The effect may be better when combined with LLM. For example, the Text Generation part is replaced by LLM.
The current work is to use historical videos as input, and the predicted actions and their descriptions are also historical. If It may be more meaningful to predict future actions and the causes corresponding to the actions.
The image tokenized token is a bit too much, and there may be a lot of useless information. Maybe you can try Token-Learner.

What is the starting point?

End-to-end autonomous driving has huge potential in the transportation industry, and research in this area is currently hot. For example, UniAD, the best paper of CVPR2023, does end-to-end automatic driving. However, the lack of transparency and explainability of the automated decision-making process will hinder its development. After all, safety is the first priority for real vehicles on the road. There have been some early attempts to use attention maps or cost volumes to improve model interpretability, but these methods are difficult to understand. So the starting point of this work is to find an easy-to-understand way to explain decision-making. The picture below is a comparison of several methods. Obviously it is easier to understand in words.

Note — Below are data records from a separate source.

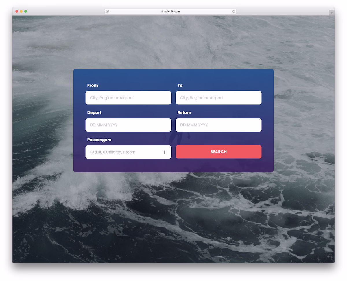 For airlines and other travel websites, here is a free flight search form featuring a drop-down selection and date pickers. Also, the transparent box beautifully integrates into your website. It is indeed fully fluid to work on mobile and desktop flawlessly.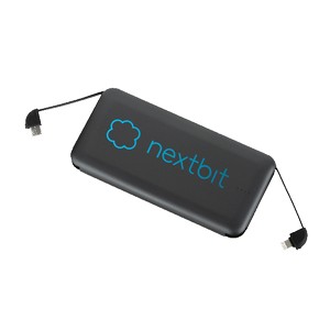 Matte metallic finish 10,000 mAh powerbank. Built-in tuck away cables (type-C and 2-in-1 8-pin style and micro-USB); LED battery indicator light; micro-USB input: 5V/1.5A; type-C input: 5V/2.1A; USB output: 5V/2.1A; polymer battery. 5.5" D x 0.625" H x 2.75" W
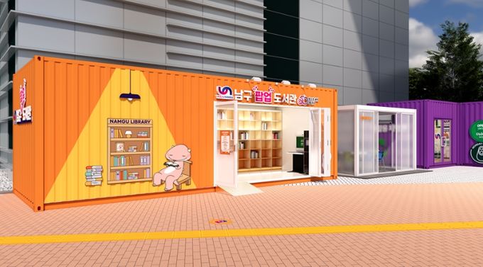 컨테이너를 개조한 △팝업도서관은 신간도서 대출·반납 및 북큐레이션 등 자료실 업무를 제공하며, 운영은 3~11월(화~일 09:00 부터 18:00), 장소는 남구청사 정문 옆이다.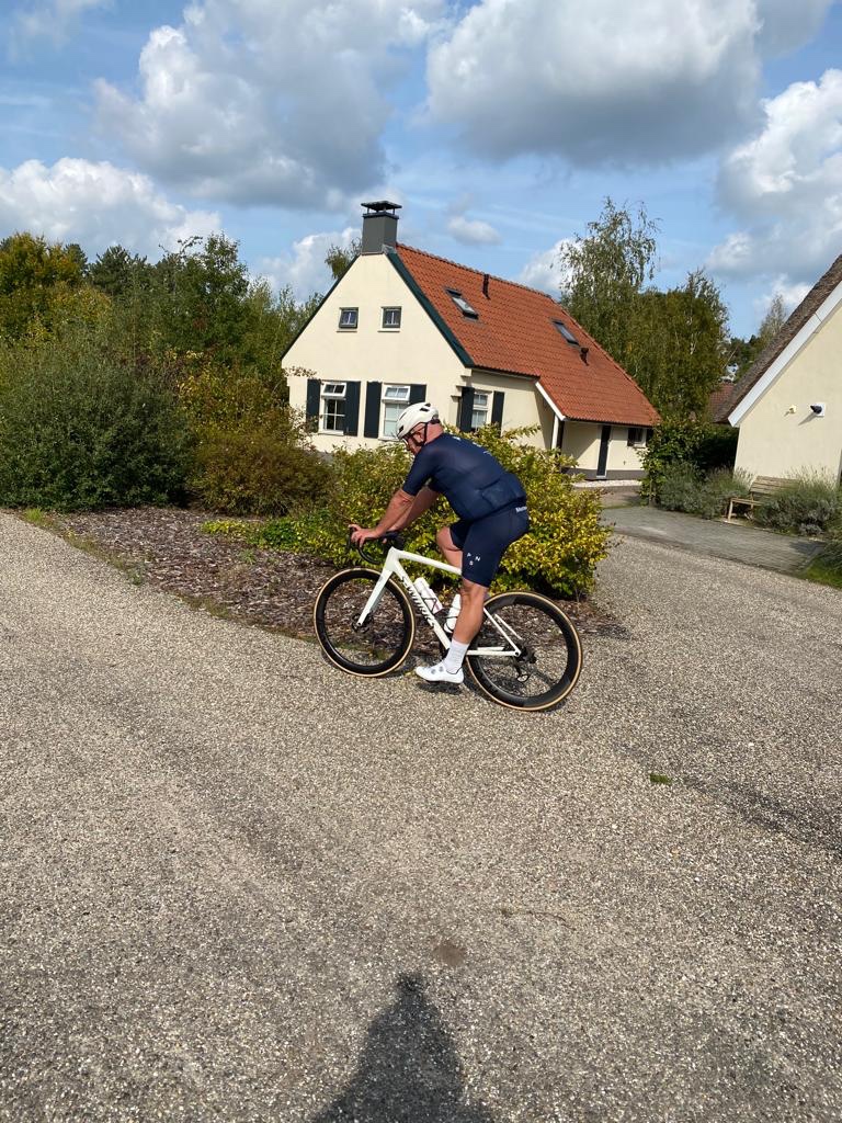 Het is wat bewolkt, maar al snel druipt het zweet van mijn hoofd tijdens het fietsen. Ook al probeer ik mijn wattage meter in de duur one te houden, mijn benen willen meer en duwen het crankstel lustig in de rondte.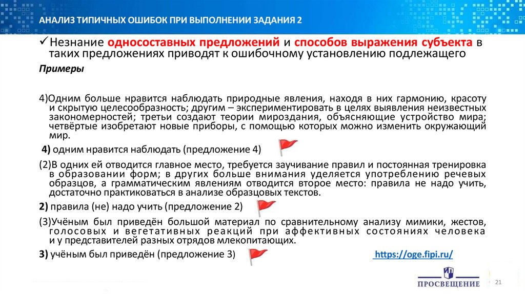 АНАЛИЗ ТИПИЧНЫХ ОШИБОК ПРИ ВЫПОЛНЕНИИ ЗАДАНИЯ 2Незнание односоставных предложений и способов выражения субъекта в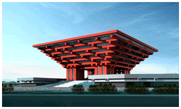 中國館建筑外觀以“東方之冠”的構(gòu)思主題,表達(dá)中國文化的精神與氣質(zhì)。國家館居中升起、層疊出挑, 成為凝聚中國元素、象征中國精神的雕塑感造型主體——東方之冠。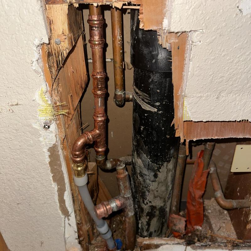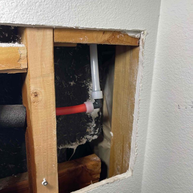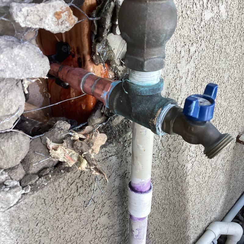 R and R Plumbing performed leak detection and pipe repair in Lake Elsinore, California. Technicians exposed the exterior wall, traced the leaking line behind the kitchen sink, replaced damaged sections with new copper piping, reconnected it to the manifold, and pressure-tested the system. The team cleared all debris after completing the work.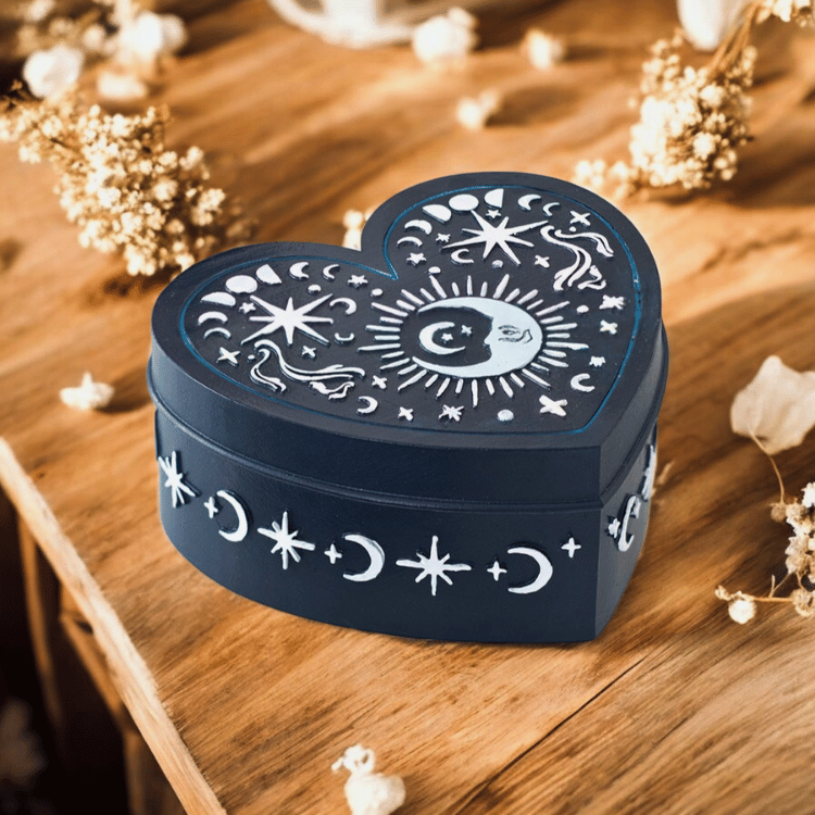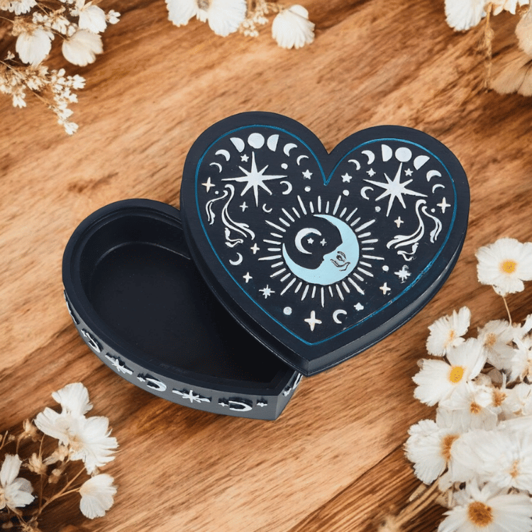 Herzförmige Schmuckdose mit Mondmotiv – Aufbewahrungsdose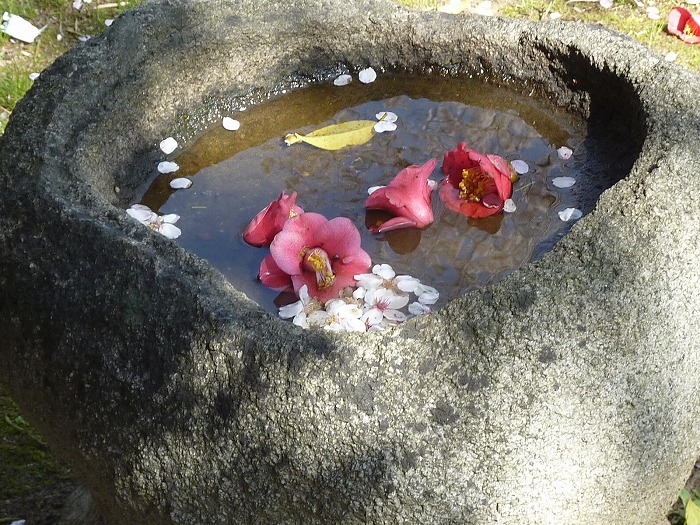 鉢にも椿と桜の花びら。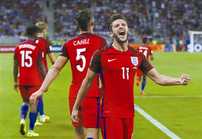 9月4日,英格兰队球员拉拉纳(前)进球后庆祝。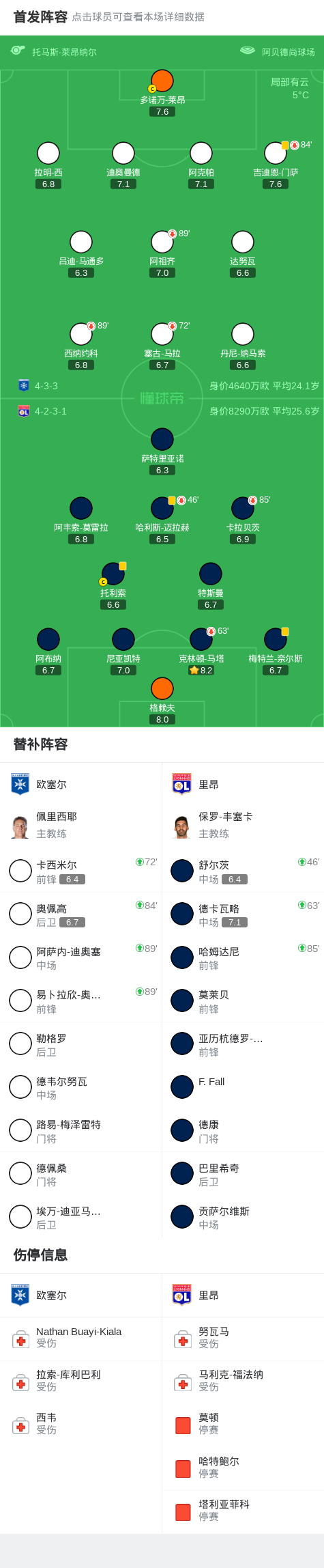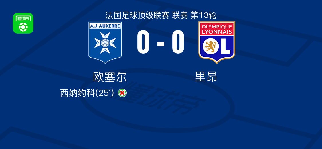 北京时间11月23日法国足球顶级联赛 联赛 第13轮,欧塞尔主场对阵里昂。最终比分欧塞尔 0–0 里昂。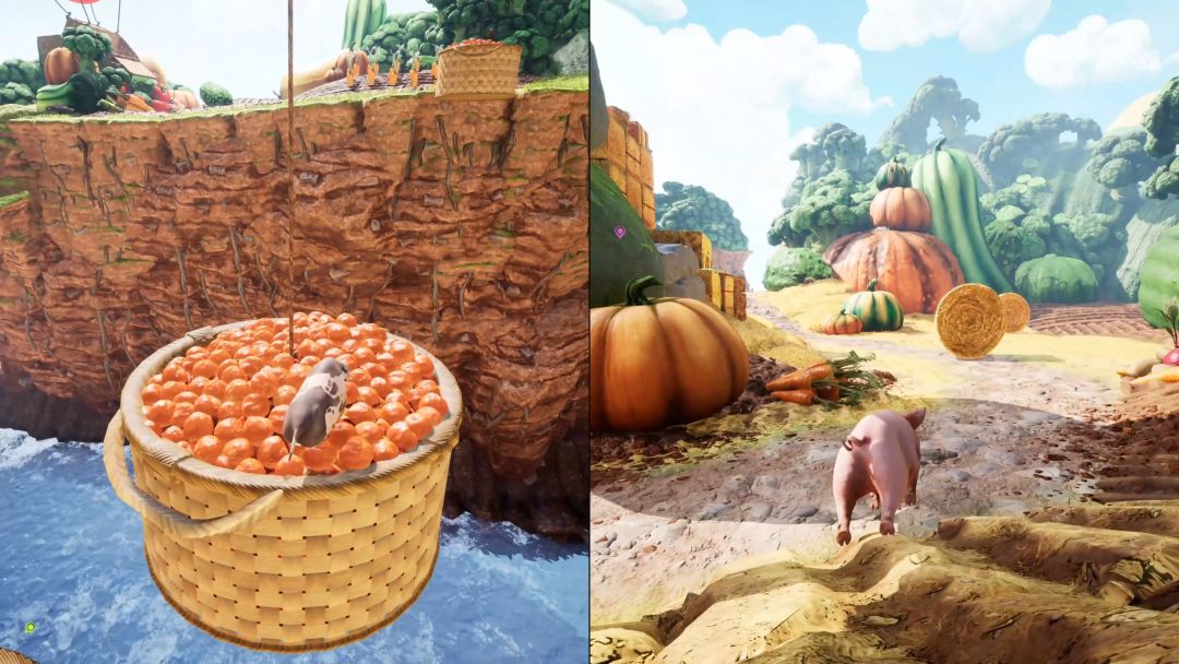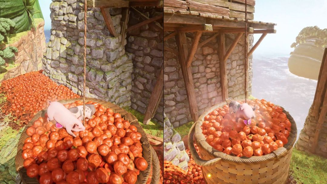 喷射猪释放彩虹屁跳到铁锹上,然后跳到旁边一筐是番茄的框里。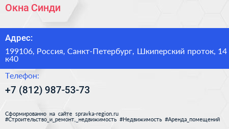 Окна Синди по адресу 199106, Россия, Санкт-Петербург, Шкиперский проток, 14 к40 в дальнейшем Организация, размещена в следующих категориях: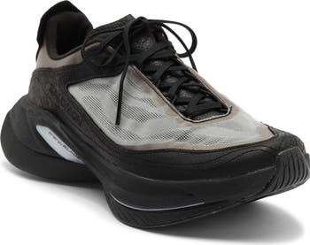 Upper: Mesh-jacquard insets provide ventilation, while textured leather frames the futuristic design.

New title: ADAPT: A preliminary exploration of end-to-end autonomous driving explainability

What are the advantages of ADAPT?

It can output the vehicle action description and the reasoning of each decision end-to-end;
This method is based on the transformer network structure and is combined through multi-task. Training;
Achieved SOTA effect on BDD-X (Berkeley DeepDrive eXplanation) data set;
In order to verify the effectiveness of the system in real scenarios, a set of deployable This system can input the original video and output the description and reasoning of the action in real time;

Effect display

New title: ADAPT: A preliminary exploration of end-to-end autonomous driving explainability

##The effect is still very good, especially the third dark night scene, the traffic lights were noticed.

Current progress in the field

Video Captioning

The main goal of video description is to describe a given video in natural language Objects and their relationships. Early research works generated sentences with specific syntactic structures by filling identified elements in fixed templates, which were inflexible and lacked richness.

In order to generate natural sentences with flexible syntactic structures, some methods use sequence learning techniques. Specifically, these methods use video encoders to extract features and language decoders to learn visual text alignment. To make descriptions richer, these methods also utilize object-level representations to obtain detailed object-aware interaction features in videos

Although the existing architecture has achieved certain results in the general video captioning direction, it cannot Directly applied to action representation, because simply transferring video description to self-driving action representation will lose some key information, such as vehicle speed, etc., which are crucial for self-driving tasks. How to effectively utilize this multi-modal information to generate sentences is still being explored. PaLM-E does a good job in multi-modal sentences.

End-to-end autonomous driving

Learning-based autonomous driving is an active research field. The recent CVPR2023 best-paper UniAD, including the subsequent FusionAD, and Wayve's World model-based work MILE are all work in this direction. The output format includes trajectory points, like UniAD, and vehicle action directly, like MILE.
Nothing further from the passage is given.